| Exercise objective |
Once you find the line with "Lastly, if you're" in the listing below, set down exactly every line from it through the line with "toning. RRAuction COA.", but no pictures.

| Excerpted data |
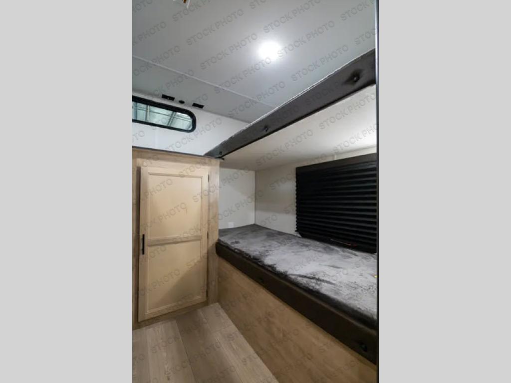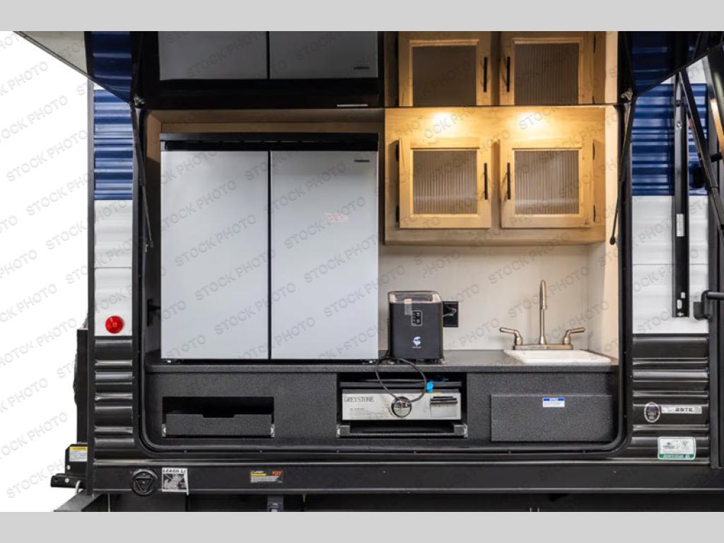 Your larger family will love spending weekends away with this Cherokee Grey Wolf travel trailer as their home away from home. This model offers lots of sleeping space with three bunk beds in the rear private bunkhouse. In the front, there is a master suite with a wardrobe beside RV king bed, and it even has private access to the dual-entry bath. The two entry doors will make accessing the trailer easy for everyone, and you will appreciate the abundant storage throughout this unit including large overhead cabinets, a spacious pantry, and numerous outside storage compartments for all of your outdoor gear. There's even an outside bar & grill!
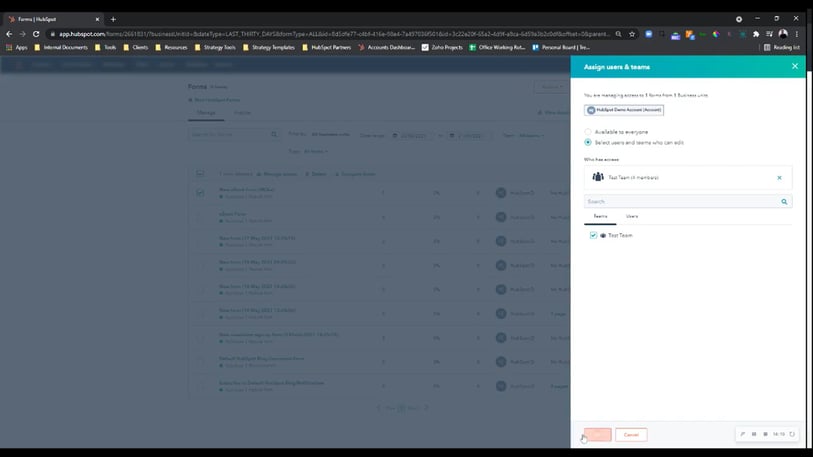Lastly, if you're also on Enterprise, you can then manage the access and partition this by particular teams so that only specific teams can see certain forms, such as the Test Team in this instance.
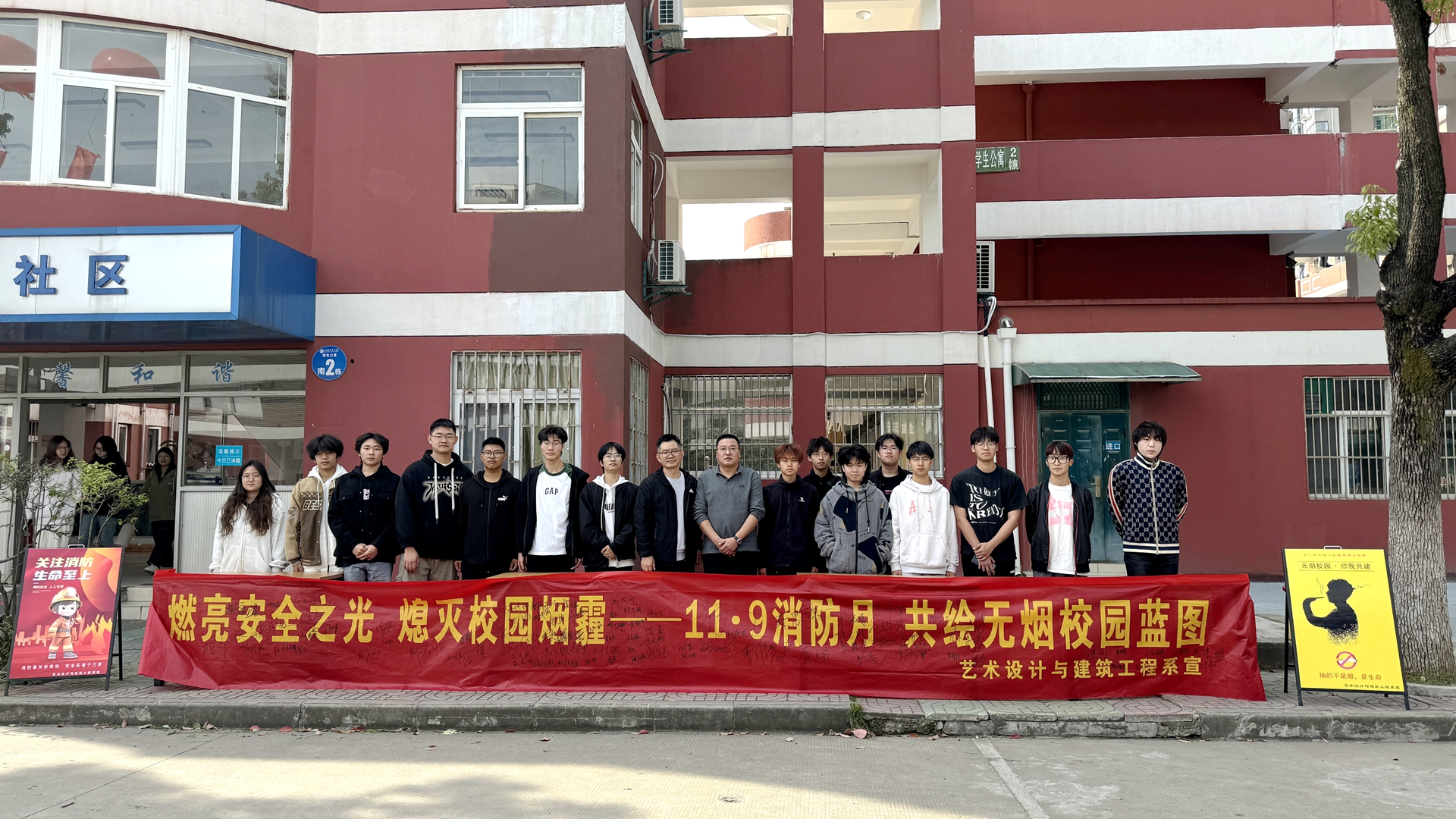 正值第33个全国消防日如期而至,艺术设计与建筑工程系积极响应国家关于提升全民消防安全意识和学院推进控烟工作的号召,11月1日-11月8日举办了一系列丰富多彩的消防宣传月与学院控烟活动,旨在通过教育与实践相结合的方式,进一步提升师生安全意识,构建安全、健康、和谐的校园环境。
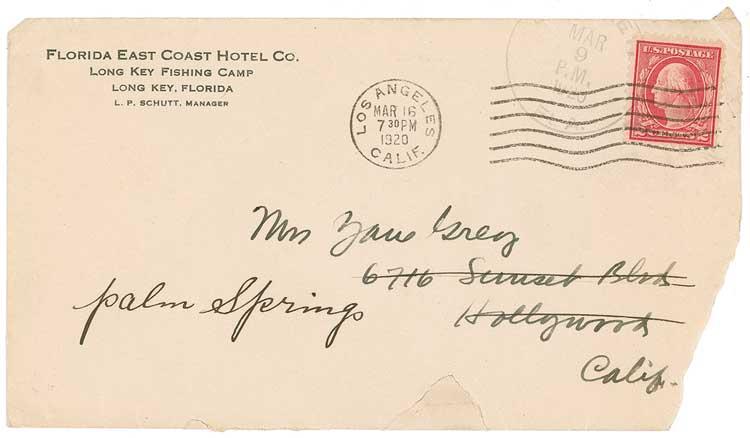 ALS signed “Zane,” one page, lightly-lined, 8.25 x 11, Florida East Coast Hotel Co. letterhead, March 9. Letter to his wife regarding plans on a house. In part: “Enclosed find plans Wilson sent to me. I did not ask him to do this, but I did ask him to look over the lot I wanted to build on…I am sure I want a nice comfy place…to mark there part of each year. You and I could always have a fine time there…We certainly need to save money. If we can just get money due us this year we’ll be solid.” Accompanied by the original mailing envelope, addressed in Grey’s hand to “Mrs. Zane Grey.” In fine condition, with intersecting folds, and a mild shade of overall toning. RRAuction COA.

* * *

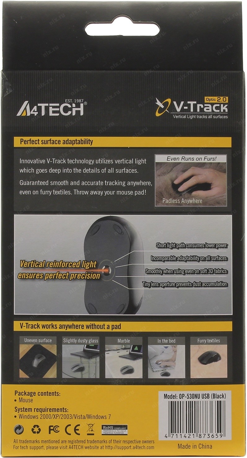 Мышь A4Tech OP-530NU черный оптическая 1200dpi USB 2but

--

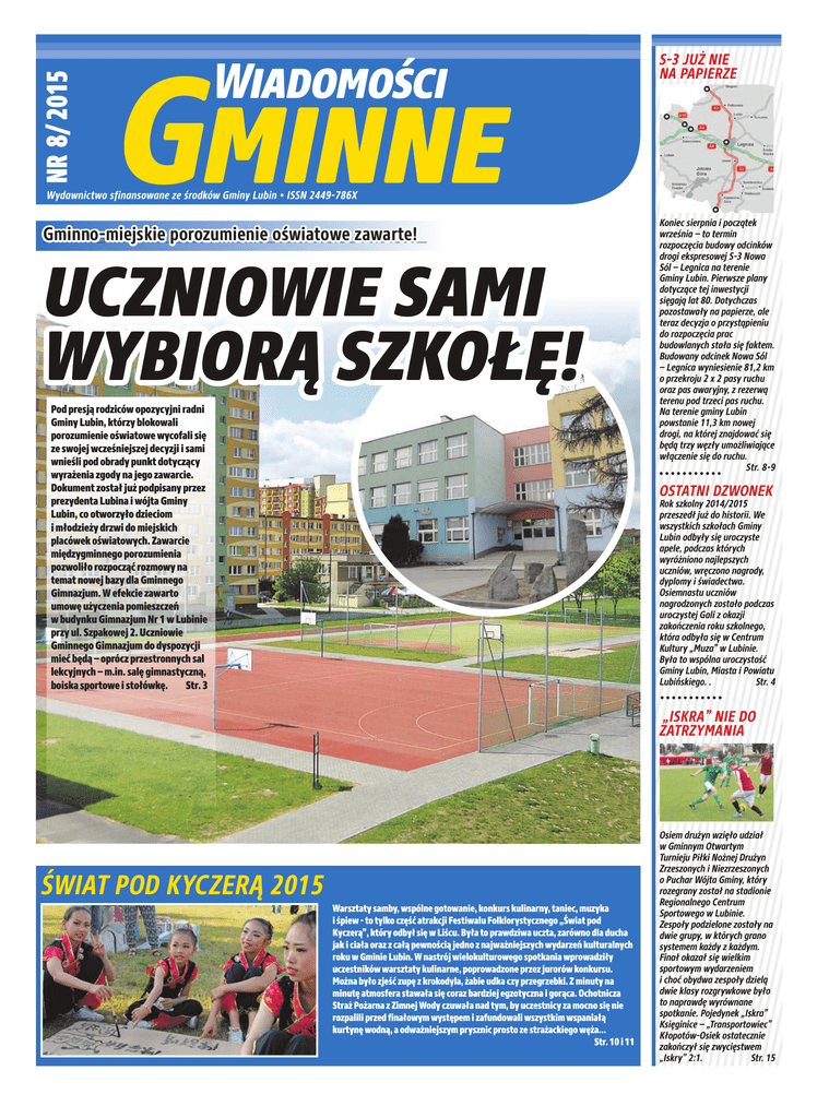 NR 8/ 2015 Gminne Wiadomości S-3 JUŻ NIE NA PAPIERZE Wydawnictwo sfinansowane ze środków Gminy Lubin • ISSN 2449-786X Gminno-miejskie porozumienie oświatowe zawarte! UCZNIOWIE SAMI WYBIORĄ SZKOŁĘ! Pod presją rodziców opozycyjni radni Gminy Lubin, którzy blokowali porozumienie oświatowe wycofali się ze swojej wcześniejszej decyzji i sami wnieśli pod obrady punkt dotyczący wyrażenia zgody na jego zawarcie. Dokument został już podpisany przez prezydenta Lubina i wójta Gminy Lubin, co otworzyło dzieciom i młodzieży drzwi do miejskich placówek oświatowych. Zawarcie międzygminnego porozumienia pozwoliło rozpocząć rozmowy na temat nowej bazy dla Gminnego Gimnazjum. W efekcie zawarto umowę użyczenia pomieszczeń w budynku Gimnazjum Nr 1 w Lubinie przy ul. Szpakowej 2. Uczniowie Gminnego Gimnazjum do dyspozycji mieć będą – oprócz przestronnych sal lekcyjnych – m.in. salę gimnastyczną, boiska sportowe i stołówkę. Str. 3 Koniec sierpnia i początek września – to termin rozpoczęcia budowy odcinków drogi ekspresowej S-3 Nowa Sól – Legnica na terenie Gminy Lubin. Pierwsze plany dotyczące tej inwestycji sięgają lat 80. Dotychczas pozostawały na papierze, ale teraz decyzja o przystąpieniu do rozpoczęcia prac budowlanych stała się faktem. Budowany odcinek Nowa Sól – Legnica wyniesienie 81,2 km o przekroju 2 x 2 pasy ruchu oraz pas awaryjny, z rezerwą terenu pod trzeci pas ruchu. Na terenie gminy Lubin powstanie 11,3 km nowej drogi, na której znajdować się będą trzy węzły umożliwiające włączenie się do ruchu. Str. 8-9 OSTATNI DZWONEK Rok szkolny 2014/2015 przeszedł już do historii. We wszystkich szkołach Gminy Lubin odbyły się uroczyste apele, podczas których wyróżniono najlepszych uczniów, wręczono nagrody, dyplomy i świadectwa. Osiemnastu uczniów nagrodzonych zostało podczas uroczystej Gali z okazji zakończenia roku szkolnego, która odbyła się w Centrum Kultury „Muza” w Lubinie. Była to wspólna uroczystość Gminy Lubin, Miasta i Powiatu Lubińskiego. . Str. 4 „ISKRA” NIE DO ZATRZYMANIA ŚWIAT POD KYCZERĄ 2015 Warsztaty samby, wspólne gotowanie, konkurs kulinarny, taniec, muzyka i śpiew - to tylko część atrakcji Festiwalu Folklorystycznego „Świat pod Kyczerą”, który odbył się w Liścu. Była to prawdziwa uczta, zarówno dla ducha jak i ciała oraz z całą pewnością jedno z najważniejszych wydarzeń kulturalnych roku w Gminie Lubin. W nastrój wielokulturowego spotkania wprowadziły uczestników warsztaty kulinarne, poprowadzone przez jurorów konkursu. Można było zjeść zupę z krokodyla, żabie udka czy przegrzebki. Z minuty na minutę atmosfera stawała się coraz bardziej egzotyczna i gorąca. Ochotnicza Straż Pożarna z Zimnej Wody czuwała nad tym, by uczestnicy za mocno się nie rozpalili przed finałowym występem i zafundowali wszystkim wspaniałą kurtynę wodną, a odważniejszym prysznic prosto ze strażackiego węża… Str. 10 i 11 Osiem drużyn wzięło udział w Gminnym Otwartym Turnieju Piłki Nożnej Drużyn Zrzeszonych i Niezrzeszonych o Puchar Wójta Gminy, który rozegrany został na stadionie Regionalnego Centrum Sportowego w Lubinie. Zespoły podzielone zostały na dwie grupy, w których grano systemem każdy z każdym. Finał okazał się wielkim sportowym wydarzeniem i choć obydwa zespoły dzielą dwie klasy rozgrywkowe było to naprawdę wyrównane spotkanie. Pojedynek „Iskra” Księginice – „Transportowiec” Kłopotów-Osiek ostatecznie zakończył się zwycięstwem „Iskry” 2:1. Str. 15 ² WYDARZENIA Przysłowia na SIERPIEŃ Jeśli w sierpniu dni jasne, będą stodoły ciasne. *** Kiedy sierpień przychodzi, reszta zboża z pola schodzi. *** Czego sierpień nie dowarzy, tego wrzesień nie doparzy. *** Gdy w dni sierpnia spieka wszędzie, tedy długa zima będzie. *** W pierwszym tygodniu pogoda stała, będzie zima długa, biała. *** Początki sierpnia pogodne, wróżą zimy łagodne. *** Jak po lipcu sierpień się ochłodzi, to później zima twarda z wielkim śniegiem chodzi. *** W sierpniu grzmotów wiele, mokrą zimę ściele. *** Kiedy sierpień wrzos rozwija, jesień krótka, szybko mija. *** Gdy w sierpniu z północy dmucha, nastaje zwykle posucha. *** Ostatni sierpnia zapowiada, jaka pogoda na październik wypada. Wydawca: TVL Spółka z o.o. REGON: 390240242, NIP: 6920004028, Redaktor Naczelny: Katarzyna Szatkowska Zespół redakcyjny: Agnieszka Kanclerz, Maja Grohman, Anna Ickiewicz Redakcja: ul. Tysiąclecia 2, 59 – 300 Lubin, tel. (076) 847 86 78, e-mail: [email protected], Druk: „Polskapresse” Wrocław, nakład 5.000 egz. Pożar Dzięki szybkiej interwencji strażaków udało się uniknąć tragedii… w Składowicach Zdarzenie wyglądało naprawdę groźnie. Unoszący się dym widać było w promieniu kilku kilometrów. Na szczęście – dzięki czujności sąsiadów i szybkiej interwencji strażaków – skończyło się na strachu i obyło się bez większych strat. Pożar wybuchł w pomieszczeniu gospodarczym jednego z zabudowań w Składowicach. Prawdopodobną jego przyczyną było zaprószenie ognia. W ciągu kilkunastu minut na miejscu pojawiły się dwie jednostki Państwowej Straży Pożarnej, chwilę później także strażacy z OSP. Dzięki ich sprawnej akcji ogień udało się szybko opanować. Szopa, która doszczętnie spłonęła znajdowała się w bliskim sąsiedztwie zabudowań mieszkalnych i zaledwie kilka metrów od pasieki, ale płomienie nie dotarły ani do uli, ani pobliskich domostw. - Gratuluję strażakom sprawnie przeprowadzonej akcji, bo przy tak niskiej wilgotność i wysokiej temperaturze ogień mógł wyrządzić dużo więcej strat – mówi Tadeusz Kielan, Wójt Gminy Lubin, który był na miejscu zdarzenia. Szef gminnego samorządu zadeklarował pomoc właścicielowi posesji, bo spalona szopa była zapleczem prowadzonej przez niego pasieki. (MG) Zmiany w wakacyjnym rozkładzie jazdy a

| Problem solution |
Lastly, if you're also on Enterprise, you can then manage the access and partition this by particular teams so that only specific teams can see certain forms, such as the Test Team in this instance.
 正值第33个全国消防日如期而至,艺术设计与建筑工程系积极响应国家关于提升全民消防安全意识和学院推进控烟工作的号召,11月1日-11月8日举办了一系列丰富多彩的消防宣传月与学院控烟活动,旨在通过教育与实践相结合的方式,进一步提升师生安全意识,构建安全、健康、和谐的校园环境。
 ALS signed “Zane,” one page, lightly-lined, 8.25 x 11, Florida East Coast Hotel Co. letterhead, March 9. Letter to his wife regarding plans on a house. In part: “Enclosed find plans Wilson sent to me. I did not ask him to do this, but I did ask him to look over the lot I wanted to build on…I am sure I want a nice comfy place…to mark there part of each year. You and I could always have a fine time there…We certainly need to save money. If we can just get money due us this year we’ll be solid.” Accompanied by the original mailing envelope, addressed in Grey’s hand to “Mrs. Zane Grey.” In fine condition, with intersecting folds, and a mild shade of overall toning. RRAuction COA.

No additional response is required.